Helsinki

Mari Mäkiranta & Flowing Waters collective Of Soil and Water

Mari Mäkiranta & Flowing Waters collective Of Soil and Water

Sep

05

Fri

12:00 – 17:00

7–10°C

clear sky

5. – 28.9.2025, Hippolyte Studio

“I feel the cool water and the river’s current through my rubber boots. I bend down, immerse my hand in the water, lift up a sample bottle. Against the light the water looks yellowish. Nothing organic seems to move in it. Can water die? In what ways can we relate to dead water, when the activity of bacteria and microbes is an essential part of the forces that sustain life and keep us alive? What would happen if we understood the soil and water as our companions? Would the ethical, economic, and political privileges and primacy of human actors then be called into question?“

(Kittilä, 13 July 2021, excerpt from Mäkiranta’s research diary)

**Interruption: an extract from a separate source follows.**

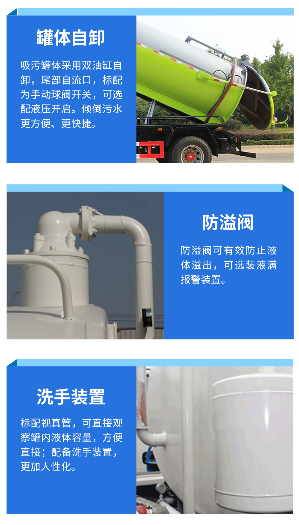 6. 罐体带举升自卸功能,尾部排污口可液压开启,带锁紧装置

Mari Mäkiranta and the Flowing Waters collective’s exhibition explores the impact of mining on the riverine environments of the North. At its centre are performative photographic and video works, as well as soil and water samples collected from the areas of the Kittilä gold mine and the Kevitsa metal mine, to which the exhibition title also refers. The mines discharge their wastewater through pipelines into several rivers; the works in Of Soil and Water draw attention to the concern that even small concentrations of chemicals can be toxic to aquatic ecosystems. Finnish mining legislation does not define precise threshold values for the concentrations of wastewater released by mines, which enables their discharge almost without restriction into rivers inhabited by mussels, fish, and other living beings.

The video works on display combine the collective’s sampling rituals and walking performances, in which the effects of mining on nature become tangibly visible. The Kevitsa nickel-copper mine is located just over 30 kilometres north of Sodankylä, right on the boundary of a Natura 2000 area. The video work Orange Dust illustrates how pollutants from the mine spread beyond its fences into this protected area. In turn, the Kittilä gold mine channels its wastewater via a discharge pipeline into Loukinen, a tributary of the protected Ounasjoki River. The performance seen in A Twenty-Five Kilometre Walk took place on top of the discharge pipeline road, which had been constructed in nature without official permission. Through the performance, members of the collective opposed environmental destruction and expressed compassion towards nature.

Flowing Waters collective’s practice is situated within the tradition of activist art, which, in their case, means quietly attuning to nature. The exhibition makes visible the invisible yet ever-present threats, such as toxic concentrations in water and waste dust drifting in the air. Alongside the artworks, the exhibition also includes the research publication Orange Dust (2025), addressing art activism and northern nature, and written in collaboration with sociologist Vesa Puuronen.

Of Soil and Water invites reflection on what might happen if we abandoned the appropriation and exploitation of nature. Could our technological–economic relationship to nature be transformed into one of encounter and responsibility? Would we allow nature to care for us—and would we know how to care for it?

Mari Mäkiranta (b. 1975, Oulu) is an artist-researcher based in Northern Finland and the director of Edges of Artivism—Art, Activism and Gendered Violence (2021–2026), a project funded by the Kone Foundation. Her work is characterised by an activist and collective approach, positioned between moving image and photography and performance. Mäkiranta holds a Doctorate in Fine Arts and is Adjunct Professor in Visual Culture Studies. She works as Associate Professor at the Faculty of Art and Design at the University of Lapland. The works in the exhibition Of Soil and Water have been made in collaboration with the Flowing Waters collective, which includes Mäkiranta herself, a sociologist, a hydrobiologist, and local experts by experience.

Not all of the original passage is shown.